Genre : Romance and a little Humor.
A/N : ceerita ini terinspirasi dari fiction 'cowok-cowok cantik' oleh Chibiballon. Hai, kali ini Diloxy akan menyuguhkan cerita dengan genre romance dan humor. Semoga tidak garing yah. Pairing di cerita ini Dramione, GinCed, Oliver belum tahu akan dipasangkan dengan siapa, CedRry (No Slash). read and review please…. ^_^
Setting : disini Harry, Cedric, Oliver, Draco, Hermione dan Cho Chang berada dalam satu angkatan yang sama. Ginny adalah adik Harry, jadi namanya Ginny Potter. All over Dunia nyata.
Warning : miss type yang bertebaran walau selalu mencoba untuk meniadakannya, sedikit OOC mungkin, kurang tahu kalau lebih banyak. :D …. Enjoy.

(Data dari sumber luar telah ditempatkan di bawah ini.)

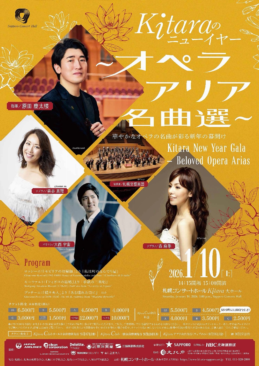 Kitaraのニューイヤー1月10日(土)15:00 札幌コンサートホールKitara大ホール 出演 指揮/原田慶太楼(東京交響楽団正指揮者) ソプラノ/森 麻季(国立音楽大学客員教授)〇 ソプラノ/森谷 真理(東京藝術大学講師)◇ バリトン/大西 宇宙(令和5年度(第74回)芸術選奨文部科学大臣新人賞受賞)★ 管弦楽/札幌交響楽団 曲目 ロッシーニ/『セビリアの理髪師』より序曲「私は町のなんでも屋」★ モーツァルト/『フィガロの結婚』より「手紙の二重唱」〇◇ ヴェルディ/『椿姫』より「ヴィオレッタとジェルモンの二重唱」〇★ レオンカヴァッロ/『道化師』より「鳥の歌」◇、「ネッダ!シルヴィオ!こんな時間に…?」◇★ ドヴォルザーク/『ルサルカ』より「月に寄せる歌」〇 コルンゴルト/『死の都』より「ピエロの歌」★ プッチーニ/『ラ・ボエーム』より「私が町を歩けば」◇ 『蝶々夫人』より「ある晴れた日に」〇 マスネ/『タイス』より「タイスの瞑想曲にのせて」〇★ 、「あなたは覚えているかしら?あの光輝く旅を」〇★ |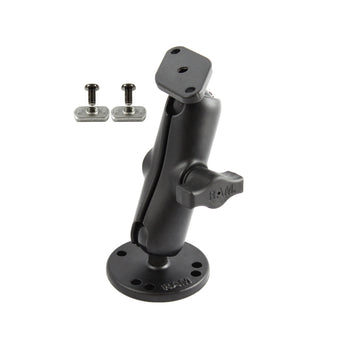 The RAM-B-138-TR1 consists of a 2.5" diameter round base with the universal AMPS hole pattern, double socket arm, diamond base adapter and mounting hardware. The mount is designed with a RAM 1" diameter patented rubber ball and socket system that has adjustment points at both ends of the double socket arm; this allowing for almost infinite adjustment and perfect viewing angles.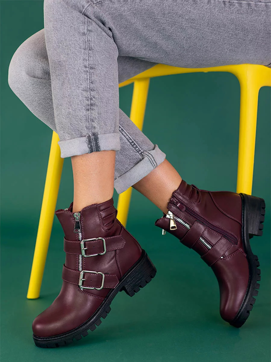 Produkt Dámské zateplené kotníkové boty na širokém podpatku BH2559 - Queen Tina prodáváme v těchto velikostech: 39a barvách vínová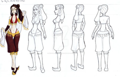 Final model sheet for featuring Riven in her 'night job' attire. Hey, a girl's gotta make a living.Related content
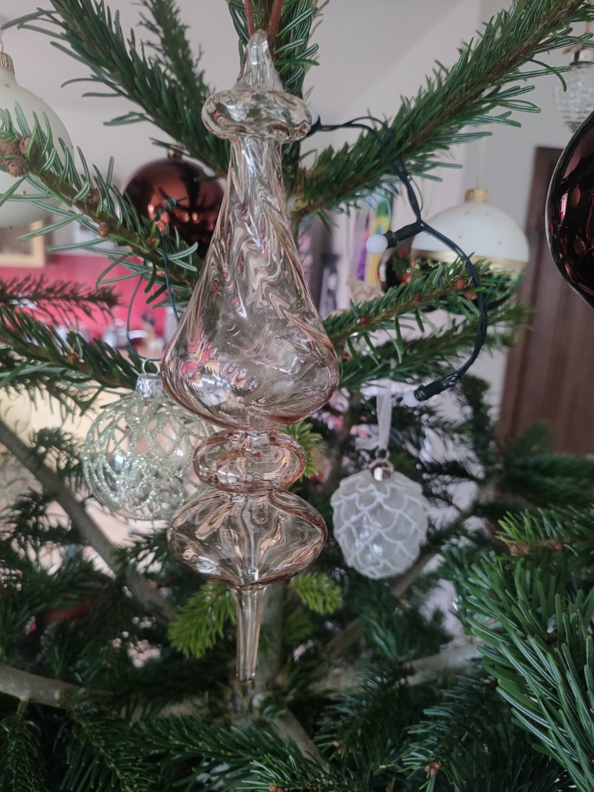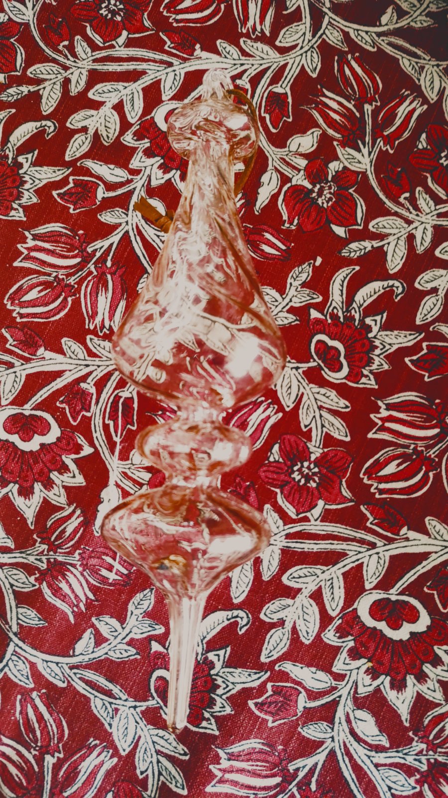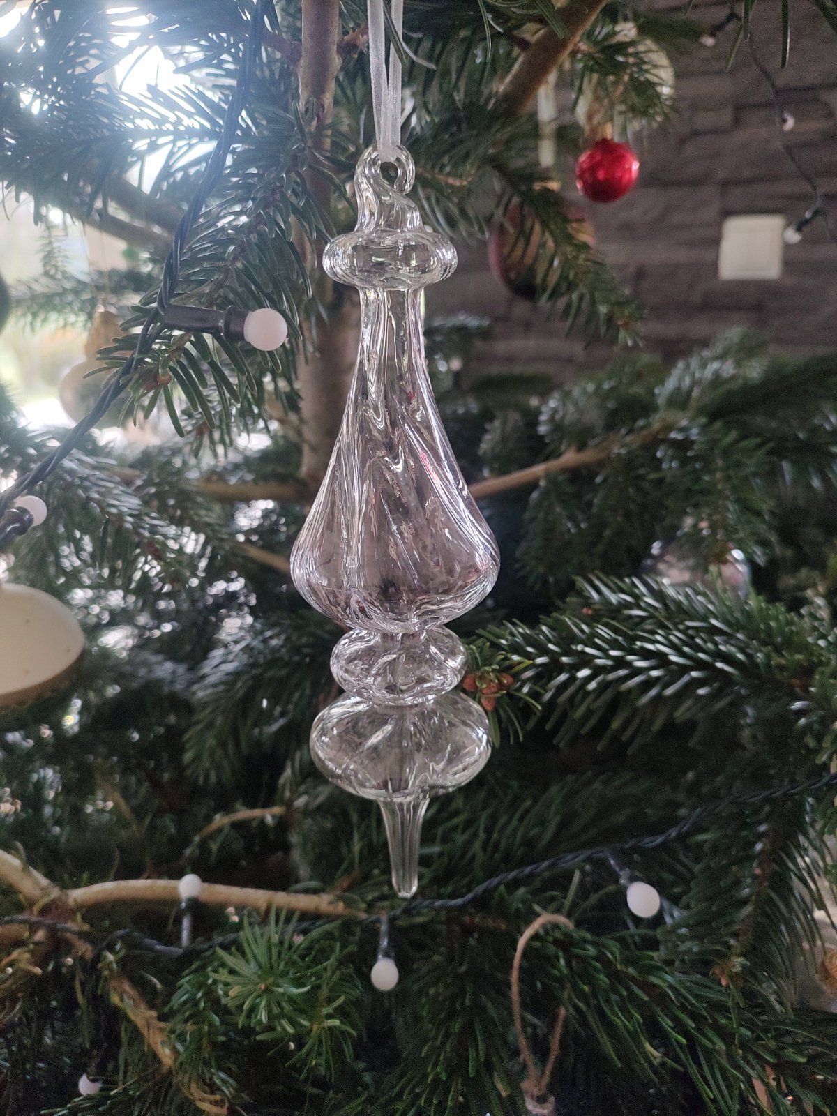 Výška cca.20 cm.krasna.ručna práca . Jedna je akoby taká slabo dohneda sklo a jedna číra
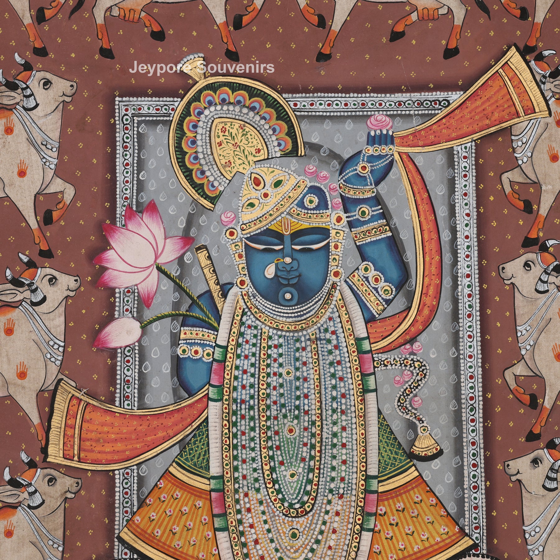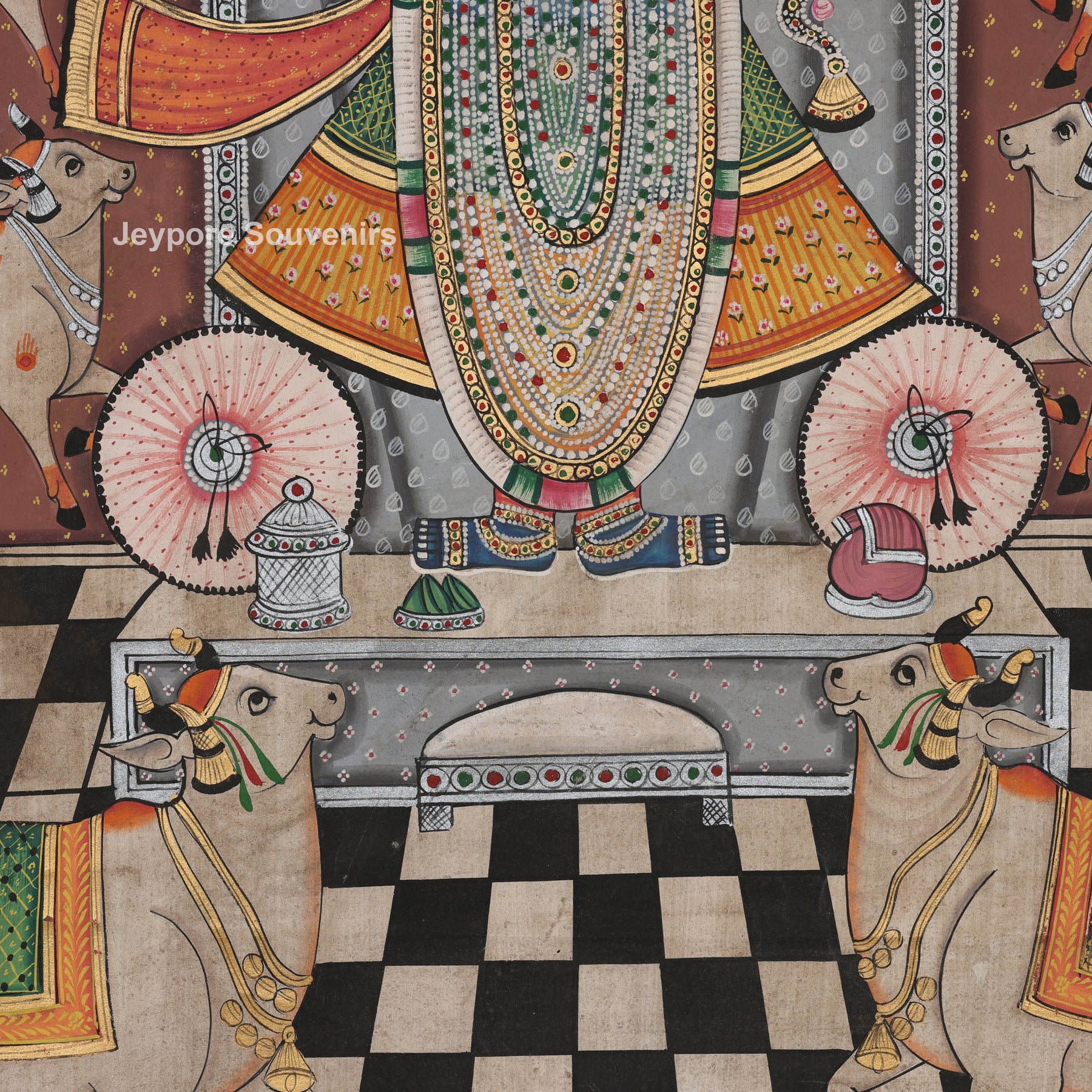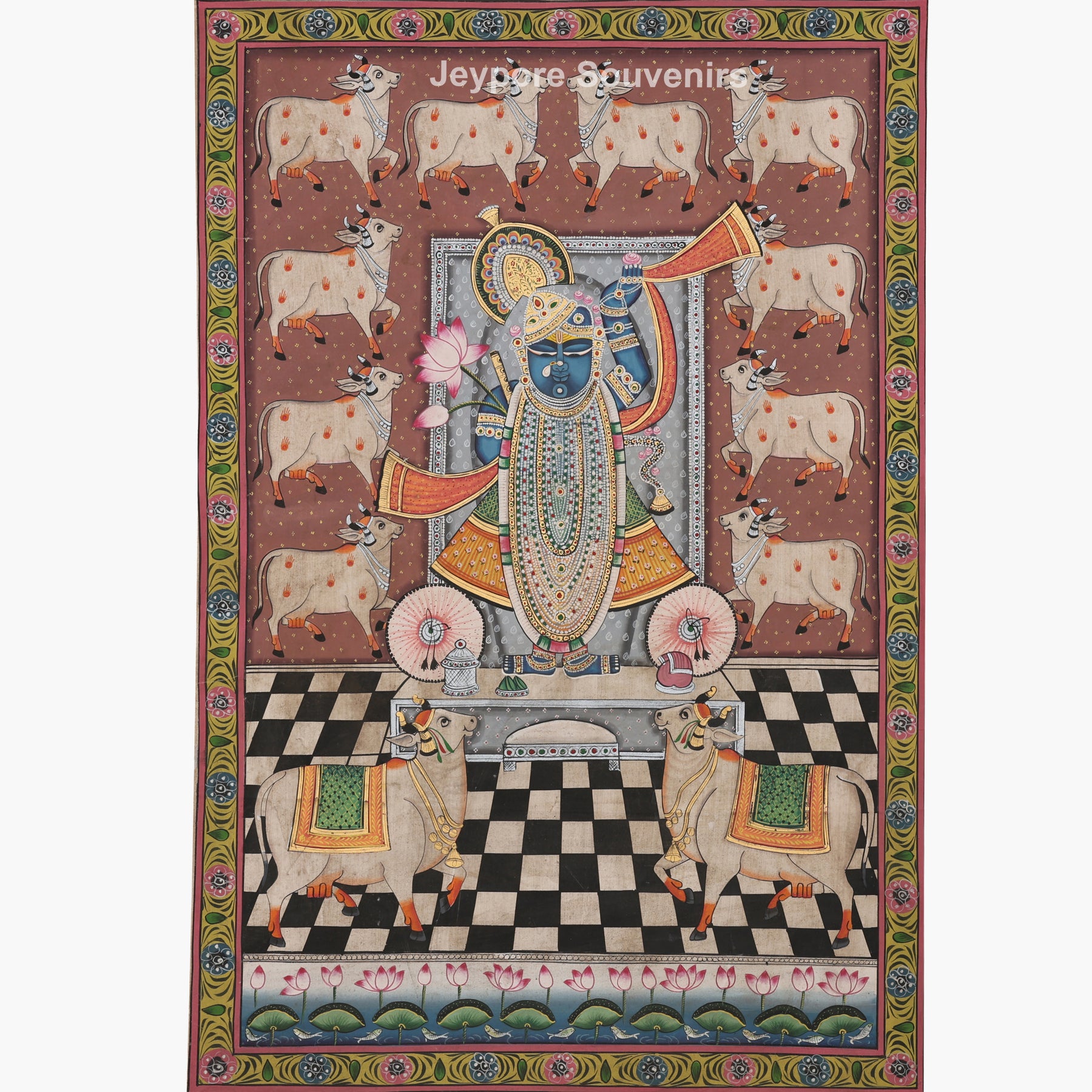 Pichwai painting features Shrinathji, the revered form of Lord Krishna, standing in divine grace at the center of a richly detailed temple setting. Surrounded by a repeating border of sacred cows, the artwork reflects themes of devotion, protection, prosperity, and spiritual abundance deeply rooted in temple traditions.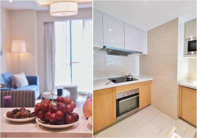 这次预订的两室一厅套房在15楼,一进门映入眼帘的是公寓准备的时令欢迎水果,午后的馨甜就这么轻易被俘获。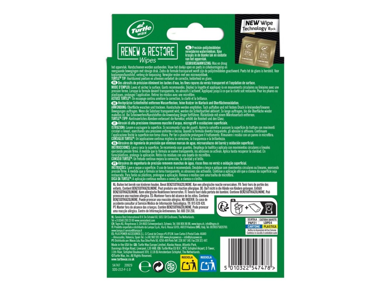 Turtle Wax Renew & Restore Wipes zijn de ultieme oplossing om de oppervlakken van het voertuig nieuw leven in te blazen. Doordrenkt met uniek samengestelde precisieschuurmiddelen zijn deze krachtige doekjes ontworpen om veilig oxidatie, lakoverdracht, watervlekken, insecten en straatvuil te verwijderen van lak, glas, koplampen en meer. Of het nu gaat om hardnekkige watervlekken op ramen of verbleekte koplampen, deze doekjes leveren uitzonderlijke resultaten zonder agressieve chemicaliën of ingewikkelde gereedschappen. Veelzijdig en eenvoudig in gebruik bieden Renew & Restore Wipes een complete oplossing om het voertuig er op zijn best uit te laten zien. De zachte maar effectieve formule herstelt helderheid en glans. Handig verpakt voor gebruik onderweg, zijn deze doekjes perfect voor snelle retouches of grondige reinigingsbeurten, waardoor u tijd bespaart en telkens een gepolijste, professionele afwerking krijgt.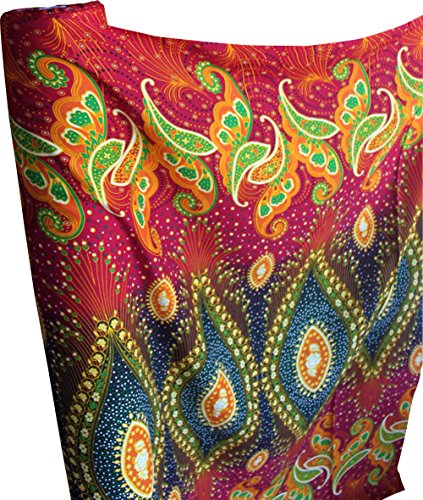 RaanPahMuang Light Viscose Rayon Fabric Gaia Paisley Butterflies 42in x 3yd Bolt, Burgundy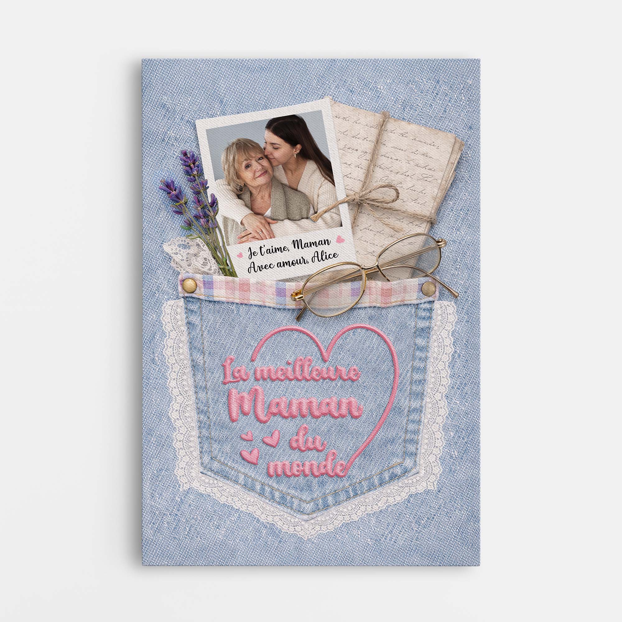 [Effet d'impression 3D] Toile Personnalisée Mamie Maman Avec Photo - Je T'aime Maman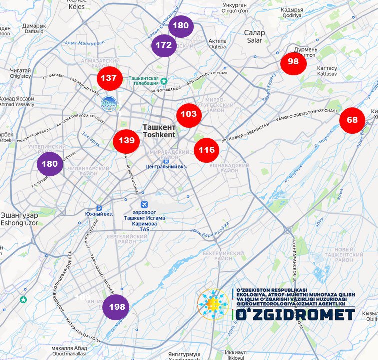 2025-yil 17-noyabr kuni soat 09:00 holatiga ko‘ra avtomatik monitoring stansiyalari Toshkent havosida ifloslanish darajasi oshganini ko‘rsatdi. Bu haqda O‘zgidromet xabar berdi.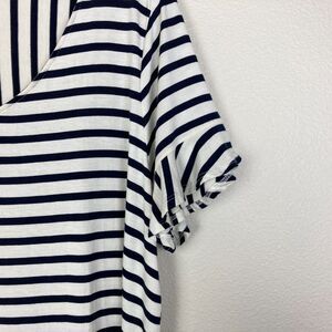 Green Envelope Top Women's Size 1X Black & White Striped Short Ruffled Sleeve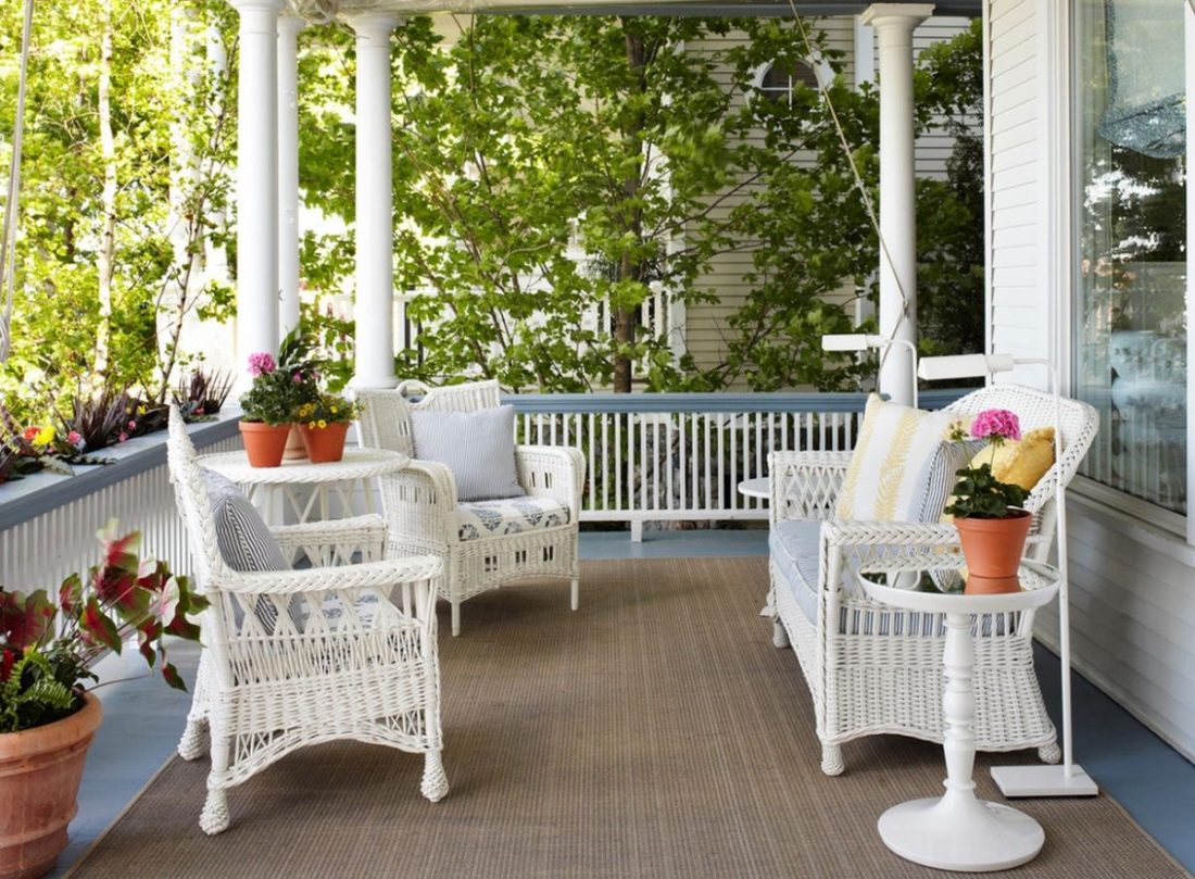 For a particularly fresh and breezy look, use white wicker furniture on a deck or porch with white flooring, walls and columns. This idea is especially good if the space is small. All the white elements help it look and feel bigger.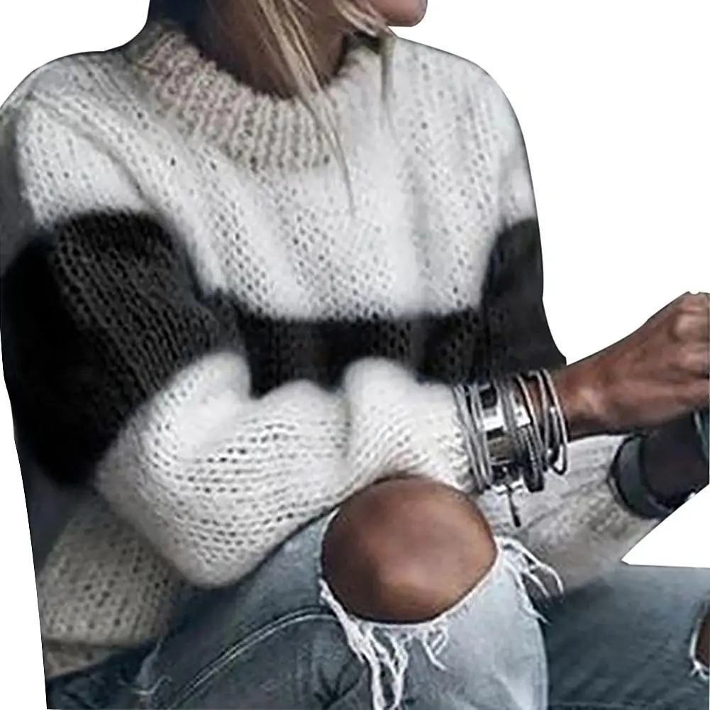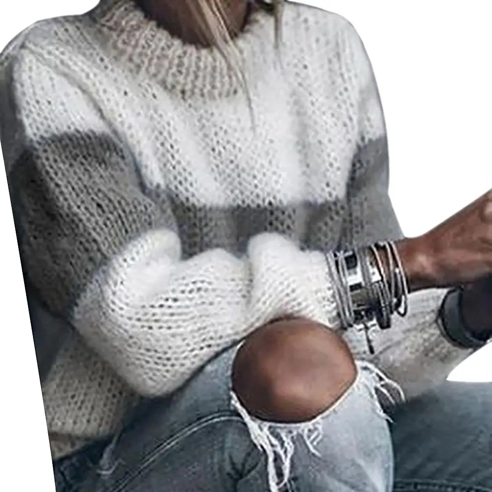 Повседневный женский осенне-зимний Свободный вязаный свитер с круглым вырезом и цветными вставками в стиле пэчворк

Summary : Ketika pria bertemu dengan wanita. Banyak jalan tak terduga yang menumbuhkan cinta, sahabat, musuh, hasrat, harapan, intrik? Jika aroganitas dan harga diri di atas segala. Romansa yang dikemas dengan lebih ringan namun menggigit. Gin-Ced, Dra-mione, Oli-?, Mind to read?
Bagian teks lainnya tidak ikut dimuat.